"Pemerintah Kota Tanjungpinang (Prov Kepri-pen.) melalui Dinas Kesehatan terus melakukan sosialisasi dan pembinaan agar penderita HIV/Aids tetap bisa hidup layaknya manusia biasa.” Ini pernyataan dalam berita “Cegah Penularan HIV/Aids, Dinkes Tanjungpinang Minta Ibu Hamil Screening Sejak Dini” di batam.tribunnews.com (30/1-2016).
Pernyataan ini di luar akal sehat karena pengidap HIV/AIDS, disebut Odha (Orang dengan HIV/AIDS), tidak bisa dilihat dan dikenali dari ciri-ciri fisik. Sama sekali tidak ada perbedaan secara fisik, bahkan dari segi kesehatan, antar Odha dan orang-orang yang tidak tidak tertular HIV.
Maka, frasa “agar penderita HIV/Aids tetap bisa hidup layaknya manusia biasa” merupakan stiga (cap buruk) terhadap Odha yang pada gilirannya merendahkan harkat dan martabat Odha sebagai manusia. Soalnya, frasa itu mengesankan “penderita HIV/Aids tidak bisa hidup layaknya manusia biasa” kalau tidak mendaptkan sosialisasi.
Cara-cara pemberitaan seperti berita inilah yang menjadi kontra produktif dalam penanggulangan HIV/AIDS. Media massa, termasuk media online, menjadi ujung tombak penyampaian informasi HIV/AIDS. Namun, kalau yang disampaikan tidak konkret, maka yang ditangkap masyarakat hanya mitos (anggapan yang salah) tentang HIV/AIDS. Seperti frasa tadi tentulah menimbulkan pemahaman yang salah di benak banyak orang.

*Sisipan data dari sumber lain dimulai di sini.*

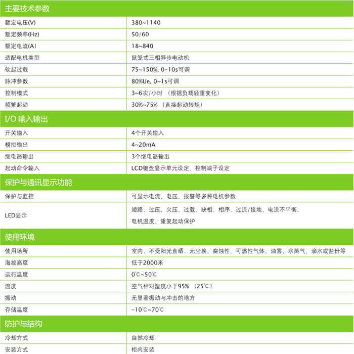 對電網(wǎng)及機械設備沖擊小等優(yōu)點,是傳統(tǒng)起動方式理想的更新?lián)Q代產(chǎn)品。適用于石油、冶金、礦山、選煤廠含有爆炸性氣體(甲烷)和煤塵的煤礦井下的重載或使用條件惡劣的三相異步電動機的軟起動、軟停車控制。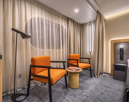 В каюте: двуспальная кровать (раздвигается), прикроватные тумбы, окно (не открывается), кресло, журнальный столик, письменный стол, шкаф для одежды, кондиционер, телевизор, холодильник, розетки 220V, телефон, радио, фен, капсульная кофемашина, электрочайник, сейф, душ, санузел. Площадь каюты 17,6 м2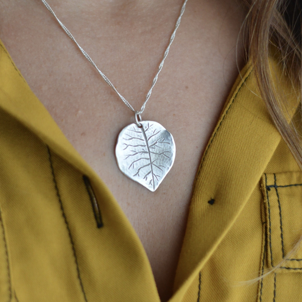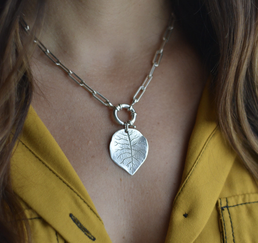 Colgante de plata 925 hecho a mano con diseño de hoja de Santa Rita.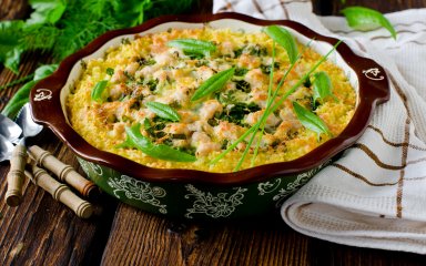 Гаряча і вершкова страва підкорить вас з першого ж шматочка. Шинка додає страві димності, сир — тягучості, а овочі — користі. І все це на фоні пшона — безглютенової крупи, багатої на мінеральні солі, залізо і вітаміни А і В.

“Sosialisasi dan pembinaan” justru perlu untuk orang-orang yang perilakunya berisiko tertular HIV/AIDS, seperti laki-laki yang gemar melakukan hubungan seksual tanpa kondom dengan perempuan yang beganti-ganti, seperti kawin-cerai, kawin kontrak, dll., serta melakukan hubungan seksual tanpa kondom dengan perempuan yang sering beganti-ganti pasangan, misalnya pekerja seks komersial (PSK).
Di lead berita disebutkan “Penderita HIV/Aids di Tanjungpinang sudah merambah semua kalangan.”
Dalam Kamus Besar Bahasa Indonesia (KBBI) ‘merambah’ disebutkan: v 1 membabat; menebang; memangkas (tumbuh-tumbuhan): 2 membuka atau menebang (tt hutan; 3 merintis (jalan); 4 memarang (menembaki, memukul banyak-banyak sekaligus; 4 menjelajah.
Itu artinya pemamakaian kata ‘merambah’ terkait dengan epidemi HIV/AIDS tidak pas. Sebagai virus HIV tidak merambat (KBBI: al. merambat adalah meluas; menjalar (tt api ganas); menular (tt penyakit); tersiar (tt kabar, berita); meluas dan berkepanjangan (tt percakapan), tapi menular dari seorang pengidap HIV/AIDS ke orang lain dengan cara-cara yang sangat khas, al. melalui hubungan seksual tanpa kondom di dalam dan di luar nikah.
Di bagian lain disebutkan: “Ini (sosialisasi dan pembinaan-pen,) dilakukan agar ibu penderita HIV/Aids tidak menularkan penyakit tersebut pada bayinya. Upaya tersebut diantaranya dilakukan dengan pencegahan penularan terhadap anak sejak dini.”
Jika ditelisik pernyataan di atas dan dikaitkan dengan epidemi HIV/AIDS, maka terjadi pembiaran yaitu membiarkan perempuan, dalam hal ini istri atau ibu rumah tangga, tertular HIV dari suaminya. Setelah perempuan-perempuan itu tertular, risiko bisa terjadi karena terjadi kehamilan sebagai bukti suami mereka tidak memakai kondom ketika sanggama.
Bayi-bayi yang (akan) dilahirkan ibu-ibu rumah tangga yang tertular HIV dari suaminya bisa terhindar dari risiko tertular HIV/AIDS, tapi ibu-ibu rumah tangga itu dibiarkan ditulari suami mereka.